━━━━━ STORED DATA ━━━━━
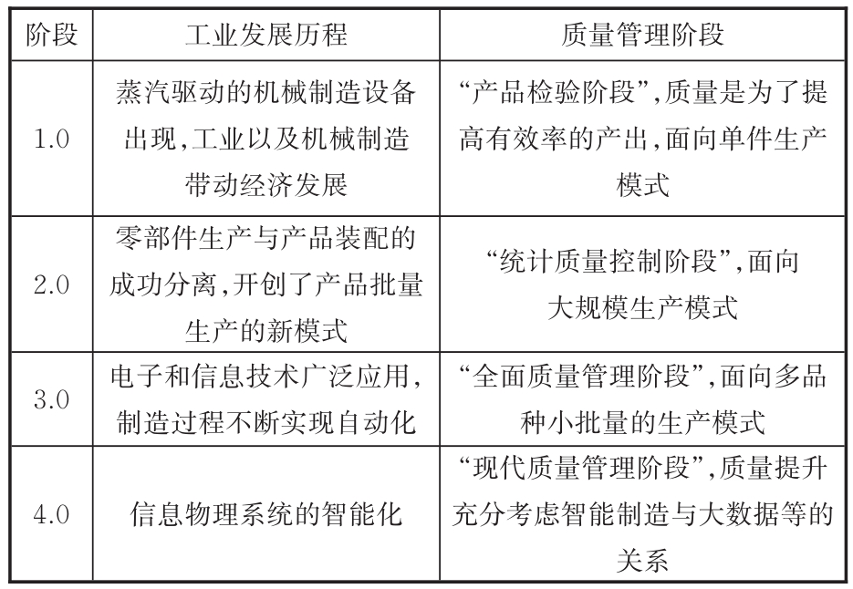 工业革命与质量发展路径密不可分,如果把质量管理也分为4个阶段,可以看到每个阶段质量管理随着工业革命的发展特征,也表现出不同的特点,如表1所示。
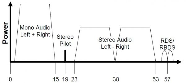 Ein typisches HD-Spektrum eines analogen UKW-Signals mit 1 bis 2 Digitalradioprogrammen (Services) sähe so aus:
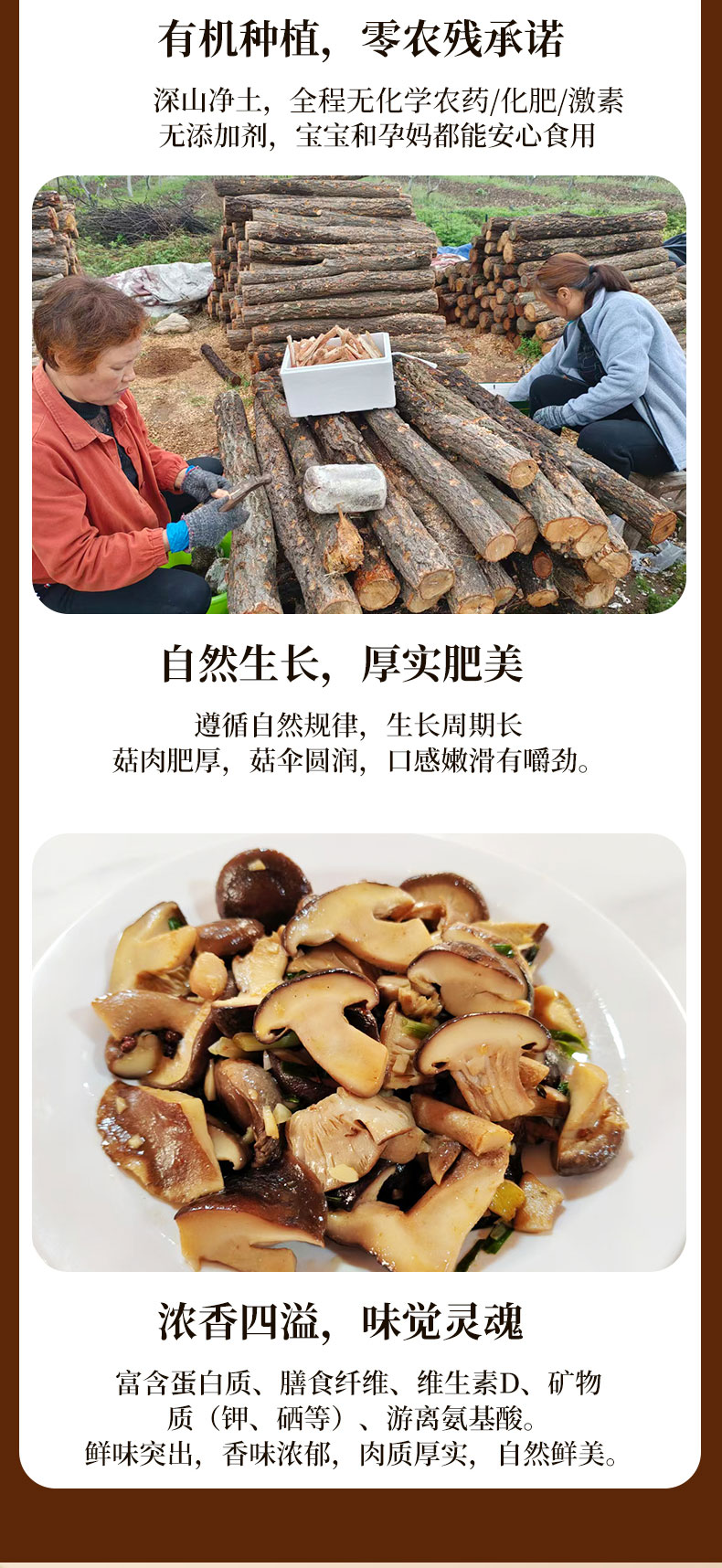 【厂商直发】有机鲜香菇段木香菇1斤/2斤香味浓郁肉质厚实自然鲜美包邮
━━━━━
The expected response is every line of the material, written out exactly, with the images removed.

 工业革命与质量发展路径密不可分,如果把质量管理也分为4个阶段,可以看到每个阶段质量管理随着工业革命的发展特征,也表现出不同的特点,如表1所示。
 Ein typisches HD-Spektrum eines analogen UKW-Signals mit 1 bis 2 Digitalradioprogrammen (Services) sähe so aus:
 【厂商直发】有机鲜香菇段木香菇1斤/2斤香味浓郁肉质厚实自然鲜美包邮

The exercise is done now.